→ **TASK PROMPT**
Starting with the line containing "111 г, Франция" and going on through the line containing "Şık ve zarif", return the lines of the data below exactly, and only those.

→ **SOURCE DATA**
Start of Block

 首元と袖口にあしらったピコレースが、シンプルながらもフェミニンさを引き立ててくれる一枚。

End of Block
Start of Block

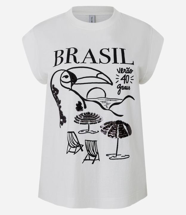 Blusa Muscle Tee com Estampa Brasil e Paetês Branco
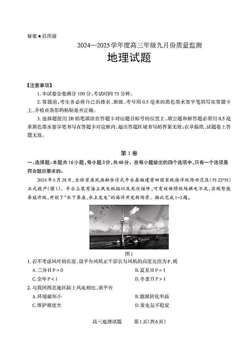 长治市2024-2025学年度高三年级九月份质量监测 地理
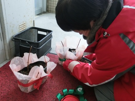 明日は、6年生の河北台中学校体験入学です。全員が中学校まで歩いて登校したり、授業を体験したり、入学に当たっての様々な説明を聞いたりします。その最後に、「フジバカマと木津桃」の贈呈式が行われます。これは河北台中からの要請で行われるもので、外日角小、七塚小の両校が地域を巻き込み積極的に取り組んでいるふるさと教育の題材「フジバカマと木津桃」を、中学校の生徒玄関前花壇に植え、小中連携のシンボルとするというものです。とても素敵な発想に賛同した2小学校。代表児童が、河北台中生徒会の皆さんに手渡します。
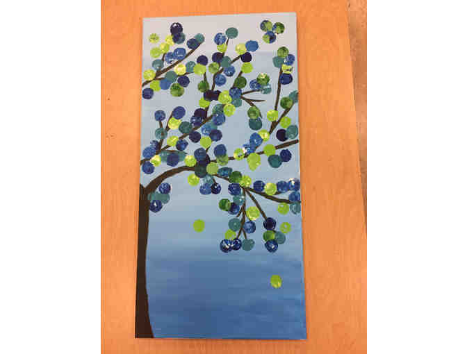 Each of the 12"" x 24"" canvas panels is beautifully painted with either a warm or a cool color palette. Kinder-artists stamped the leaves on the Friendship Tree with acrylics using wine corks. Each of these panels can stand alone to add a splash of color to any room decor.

End of Block
Start of Block

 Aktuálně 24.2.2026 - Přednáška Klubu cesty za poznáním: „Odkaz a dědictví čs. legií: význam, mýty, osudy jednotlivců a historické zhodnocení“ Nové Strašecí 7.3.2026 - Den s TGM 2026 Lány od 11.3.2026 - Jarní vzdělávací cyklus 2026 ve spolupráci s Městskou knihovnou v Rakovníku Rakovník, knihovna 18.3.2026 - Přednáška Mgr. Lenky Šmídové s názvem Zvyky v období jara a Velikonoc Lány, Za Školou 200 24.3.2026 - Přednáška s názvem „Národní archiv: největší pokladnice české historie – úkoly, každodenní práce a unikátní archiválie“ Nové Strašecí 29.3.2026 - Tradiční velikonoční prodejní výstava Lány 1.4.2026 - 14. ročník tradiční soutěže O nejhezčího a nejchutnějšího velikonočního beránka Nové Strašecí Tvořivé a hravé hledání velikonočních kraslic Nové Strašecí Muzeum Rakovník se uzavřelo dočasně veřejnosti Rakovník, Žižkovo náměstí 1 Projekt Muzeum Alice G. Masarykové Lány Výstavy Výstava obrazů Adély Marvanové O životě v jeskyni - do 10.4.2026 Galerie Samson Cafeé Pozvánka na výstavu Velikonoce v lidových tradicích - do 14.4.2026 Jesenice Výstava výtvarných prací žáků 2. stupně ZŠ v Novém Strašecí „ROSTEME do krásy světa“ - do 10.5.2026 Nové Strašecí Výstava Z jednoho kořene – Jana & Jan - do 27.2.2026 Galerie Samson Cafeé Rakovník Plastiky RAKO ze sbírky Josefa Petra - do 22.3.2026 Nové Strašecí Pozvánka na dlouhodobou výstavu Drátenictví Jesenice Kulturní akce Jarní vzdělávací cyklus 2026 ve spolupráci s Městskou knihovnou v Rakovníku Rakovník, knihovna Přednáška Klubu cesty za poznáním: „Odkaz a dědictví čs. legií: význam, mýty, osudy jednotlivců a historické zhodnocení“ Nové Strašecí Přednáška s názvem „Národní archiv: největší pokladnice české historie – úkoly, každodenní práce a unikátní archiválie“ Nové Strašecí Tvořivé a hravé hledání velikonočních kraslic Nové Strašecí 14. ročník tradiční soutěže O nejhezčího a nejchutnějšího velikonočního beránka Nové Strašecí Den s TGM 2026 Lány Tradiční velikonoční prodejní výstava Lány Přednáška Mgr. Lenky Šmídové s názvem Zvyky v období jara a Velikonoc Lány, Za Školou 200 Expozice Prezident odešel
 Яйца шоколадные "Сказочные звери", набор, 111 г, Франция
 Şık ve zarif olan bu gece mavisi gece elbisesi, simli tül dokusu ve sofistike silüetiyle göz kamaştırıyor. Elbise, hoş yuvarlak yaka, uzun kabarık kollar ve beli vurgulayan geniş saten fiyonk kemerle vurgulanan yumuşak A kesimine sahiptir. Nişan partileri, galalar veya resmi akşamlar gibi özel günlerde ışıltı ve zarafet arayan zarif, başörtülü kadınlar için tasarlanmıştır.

End of Block

→ **RESULT OF THE EXERCISE**
 Яйца шоколадные "Сказочные звери", набор, 111 г, Франция
 Şık ve zarif olan bu gece mavisi gece elbisesi, simli tül dokusu ve sofistike silüetiyle göz kamaştırıyor. Elbise, hoş yuvarlak yaka, uzun kabarık kollar ve beli vurgulayan geniş saten fiyonk kemerle vurgulanan yumuşak A kesimine sahiptir. Nişan partileri, galalar veya resmi akşamlar gibi özel günlerde ışıltı ve zarafet arayan zarif, başörtülü kadınlar için tasarlanmıştır.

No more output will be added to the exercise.